Xen 4.6 is an important milestone, as it has all the features needed to build a basic guest memory introspection application: in addition to support for emulating instructions in response to mem_access events and being able to suppress suspicious writes (which we’ve been able to contribute to 4.5), with the kind help of the Xen developer community we’ve now added support for XCR write vm_events, guest-requested custom vm_events, memory content hiding when instructed to emulate an instruction via a mem_access event response, and denying suspicious CR and MSR writes in response to a vm_event.
While LibVMI is great, and has been considered for the task, it has slightly different design goals:
- in order to work properly, LibVMI requires that you install a configuration file into either $HOME/etc/libvmi.conf or /etc/libvmi.conf, with a set of entries for each virtual machine or memory image that LibVMI will access (while it is possible to use it without extracting this detailed information, doing so severely limits available guest information, and it does reflect a core design concern);
- it uses Glib for caching (which gets indirectly linked with client applications, and so needs to be distributed with the application, or otherwise available on the machine where the application will be deployed);
- it doesn’t publicly offer a way of mapping guest pages from userspace (so that we could write to them directly). For those technically inclined, something along the lines of XenDriver::mapVirtMemToHost();
- it offers no way to ask for a page fault injection in the guest.
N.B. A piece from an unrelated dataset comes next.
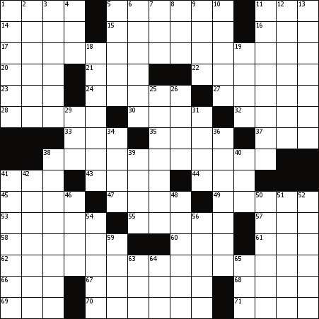 Across 1. State unequivocally 5. Deck suit 11. Come ___ head (culminate) 14. 1953 Leslie Caron classic 15. Grueling experience 16. Mo. when DST begins 17. Grace Stafford supplied his voice 20. 2001 Will Smith biopic 21. Tot up 22. Greek moon goddess 23. “You got that right!” 24. Mike who plays Austin Powers 27. Acclaim 28. Fulton’s energy source 30. Word before freeze or fry 32. Event arranged by Don King 33. “Caroline in the City” star Thompson 35. Like a circus high wire 37. Lbs. and mgs., e.g. 38. Nancy Cartwright supplies his voice 41. “___ Lazy River” 43. Mouth-puckering 44. Heavenly body in the “Today Show” logo 45. Standard 47. Nest noise 49. Towards the top of the atlas 53. Car seat attachment 55. Continental competitor 57. Have a balance 58. Some cop show scenes 60. Escort’s offering 61. Maude portrayer Arthur 62. June Foray supplies his voice 66. Benevolent order member 67. Bowlers’ group 68. Flow slowly 69. Fright film auteur Craven 70. Dealt with maliciously 71. Turned blue, perhaps Down 1. Without exception 2. One end of the spectrum 3. Kay Thompson brat 4. Relieve (of) 5. Dude ranch greeting 6. Wore away 7. “Much ___ About Nothing” 8. Traffic-stopping hue 9. 38-Down “lullaby” 10. Leopard-like 11. Wrestling move that drops an opponent 12. Flare, as nostrils 13. Takes in for booking 18. Complains 19. Shillelagh or cudgel 25. One who’s glad to be out of work, perhaps 26. Clothing closure 29. In the manner of, on a menu 31. Suckling seals 34. Perched on 36. It’s often wrongly called a “tidal wave” 38. “Gomer Pyle” setting 39. Sought damages from 40. Inspiration for Lennon’s “Woman” 41. Remove a bottle cap 42. It can make a Buick bounce 46. Superhero’s secret identity preserver 48. Honor suitable for hanging 50. Manhattan with Scotch 51. Pluck eyebrow hairs 52. Made sound again 54. Does a K.P. chore 56. Brought into alignment 59. Recipe segment 63. ___ Alai 64. Pepper or Snorkel (abbr.) 65. Shower curtain suspender |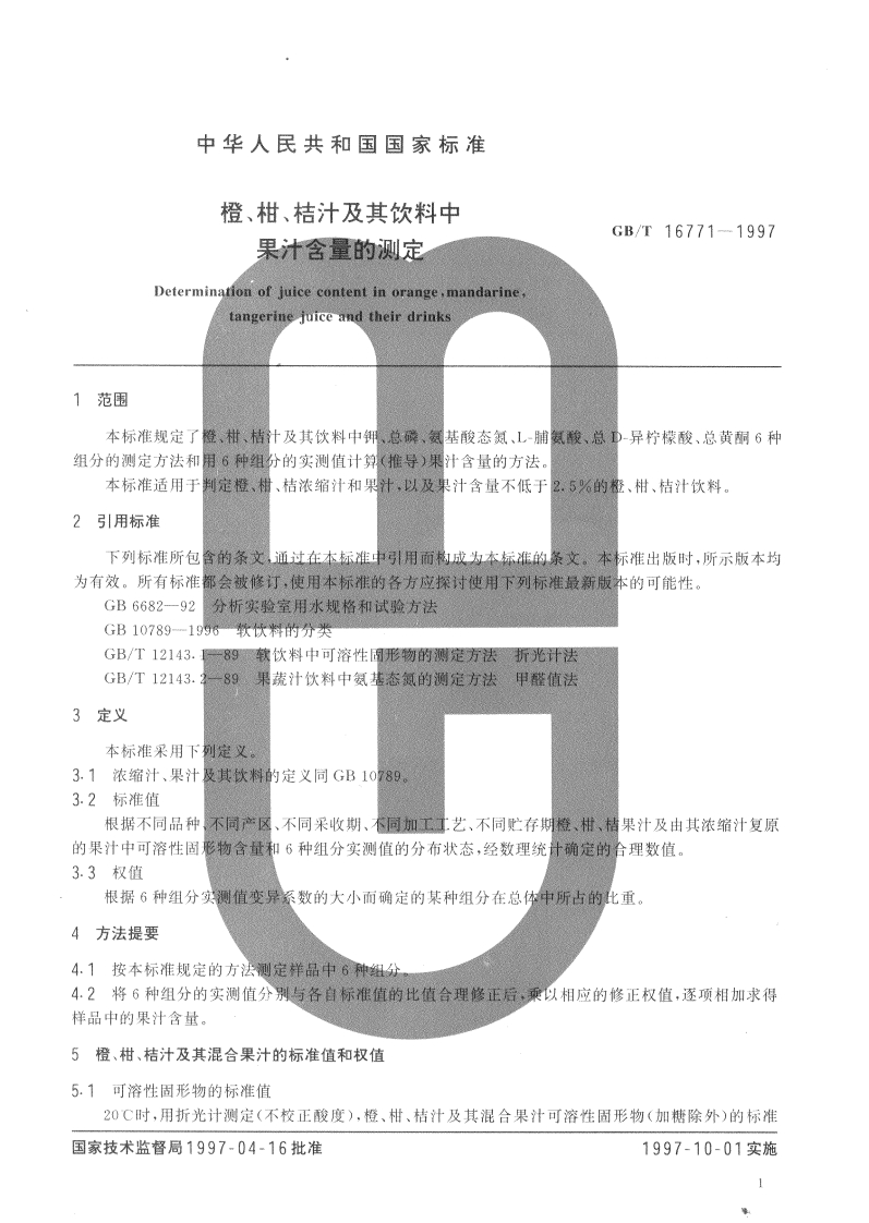 中华人民共和国强制性标准规范GB_T16771-1997橙、柑、桔汁及其饮料中果汁含量的标准测定(新版现行)348072@abc46天前发布关注私信4.69MB15页044中华人民共和国强制性标准规范GB_T16771-1997橙、柑、桔汁及其饮料中果汁含量的标准测定(新版现行)此内容为付费资源,请付费后查看¥13¥19黄金会员免费钻石会员免费立即购买您当前未登录!建议登陆后购买,可保存购买订单付费资源 第1页 / 共15页 第2页 / 共15页 第3页 / 共15页 第4页 / 共15页 试读已结束,还剩11页,您可下载完整版后进行离线阅读 THE END农学类标准规范餐饮美食 喜欢就支持一下吧收藏

Libbdvmi aims to provide a very efficient way of working with Xen to access guest information in an OS-agnostic manner:
- it only connects an introspection logic component to the guest, leaving on-the-fly OS detection and decision-making to it;
- provides a xenstore-based way to know when a guest has been started or stopped;
- has as few external library dependencies as possible – to that end, where LibVMI has used Glib for caching, we’ve only used STL containers, and the only other dependencies are libxenctrl and libxenstore;
- allows mapping guest pages from userspace, with the caveat that this implies mapping a single page for writing, where LibVMI’s buffer-based writes would possibly touch several non-contiguous pages;
- it works as fast as possible – we get a lot of events, so any unnecessary userspace / hypervisor context switches may incur unacceptable penalties (this is why one of our first patches had vm_events carry interesting register values instead of querying the quest from userspace after receiving the event);
- last but not least, since the Xen vm_event code has been in quite a bit of flux, being able to immediately modify the library code to suit a new need, or to update the code for a new Xen version, has been a bonus to the project’s development pace.
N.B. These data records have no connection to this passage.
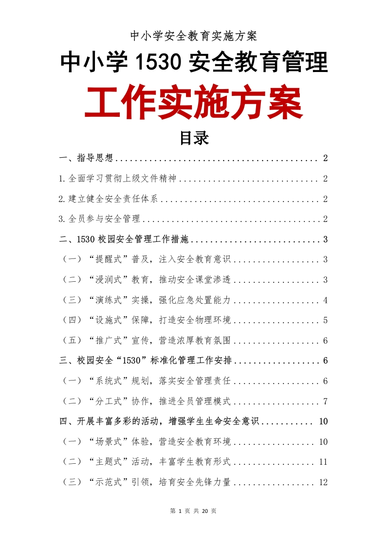 中小学安全教育实施方案中小学1530安全教育管理工作实施方案目录一、指导思想..21.全面学习贯彻上级文件精神..2.建立健全安全责任体系...a..a..23.全员参与安全管理...二、1530校园安全管理工作措施...3(一)“提醒式”普及,注入安全教育意识…3(二)“浸润式”教育,推动安全课堂渗透..·3(三)“演练式”实操,强化应急处置能力·4(四)“设施式”保障,打造安全物理环境..5(五)“推广式”宣传,营造浓厚教育氛围.…·o三、校园安全“1530”标准化管理工作安排..........6(一)“系统式”规划,落实安全管理责任.6(二)“分工式”协作,推进全员管理模式.…四、开展丰富多彩的活动,增强学生生命安全意识.·..10(一)“场景式”体验,营造安全教育环境.10(二)“主题式”活动,丰富学生教育形式·11(三)“示范式”引领,培育安全先锋力量.·12第1页共20页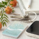 This acrylic keychain in the soft colors of sea and sand allows you to easily add your own name and text using the provided template. The simple palm trees image on a distressed, watercolor background is highlighted by a wave accent in aqua and white. Search ID623 to see coordinating seaside elements and additional products with this design.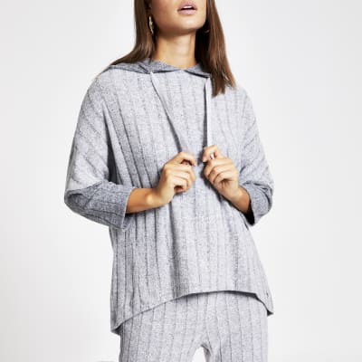 Grey Ribbed Oversized Loungewear Hoodie River Island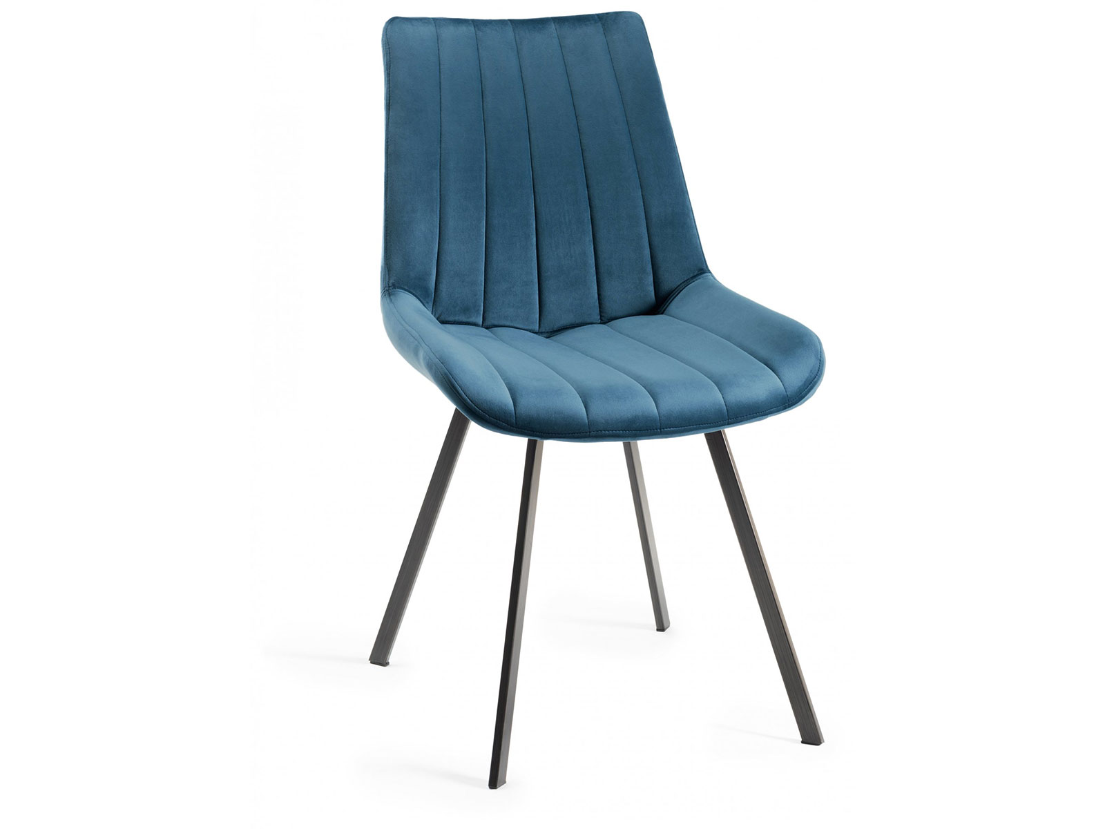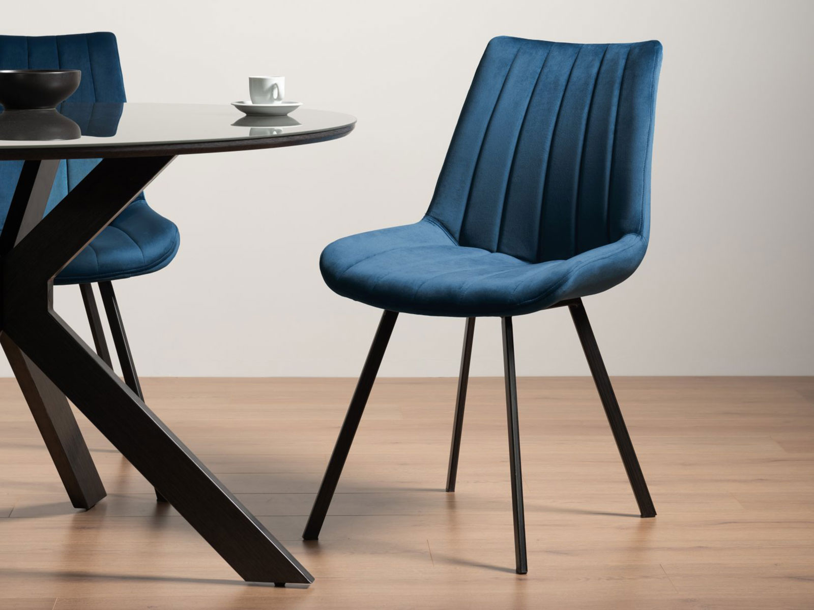 Bentley Designs Fontana – Blue Velvet Fabric Chairs with Black Legs (Pair)

We hope that the community will find it useful, and welcome discussion! It would be especially great if as much new functionality as possible makes its way into LibVMI.
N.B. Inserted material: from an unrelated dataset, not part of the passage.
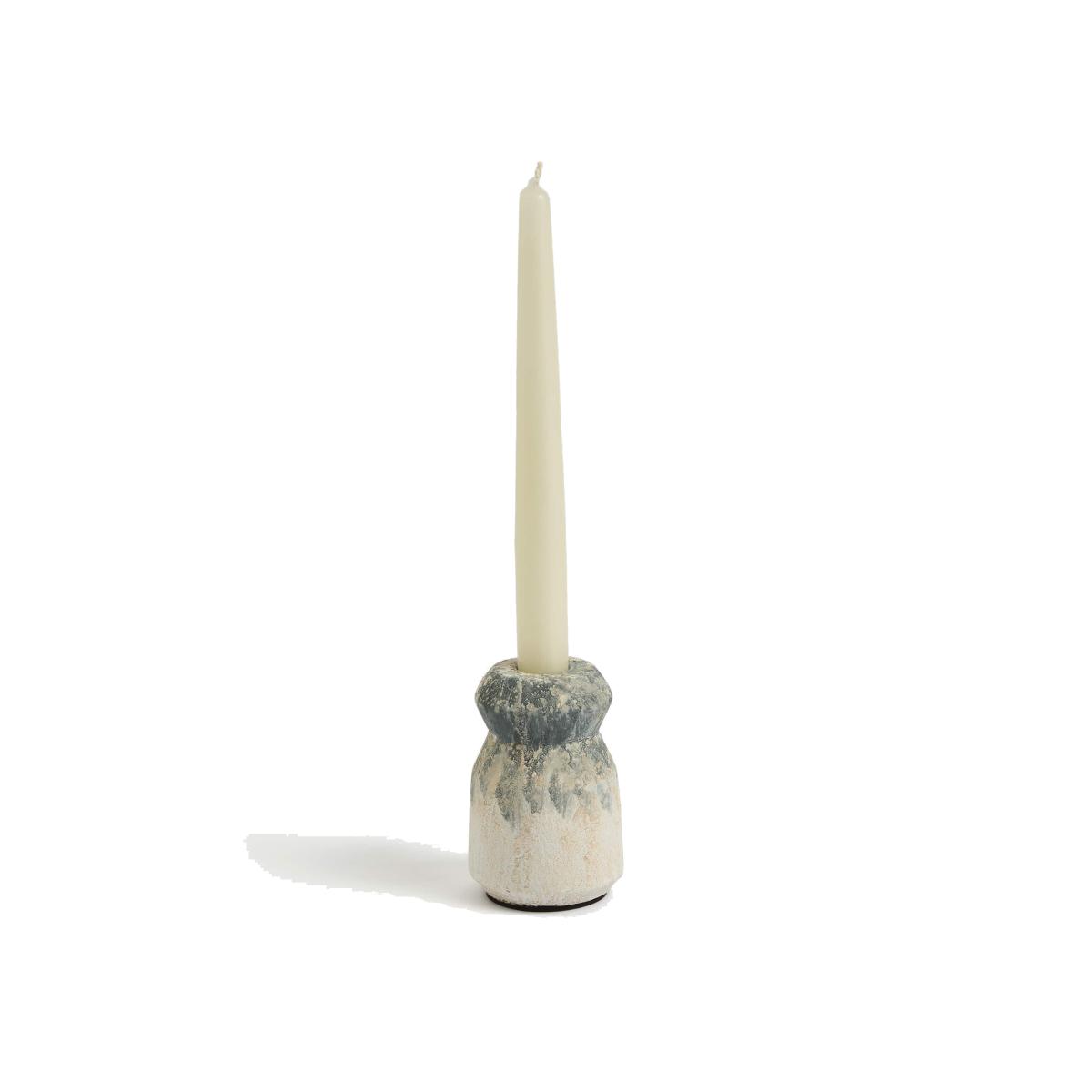 M&S X Fired Earth Concrete Dinner Candle Holder - Blue Mix, Blue Mix

Interested in learning more? Our Chief Linux Officer Mihai Dontu will be presenting “Zero-Footprint Memory Introspection with Xen” at LinuxCon North America on Wednesday, Aug. 19. Mihai is currently involved in furthering integrating Bitdefender hypervisor-based memory introspection technology with Xen. There are also two talks about Virtual Machine Introspection at the Xen Project Developer Summit: see Virtual Machine Introspection with Xen and Virtual Machine Introspection: Practical Applications.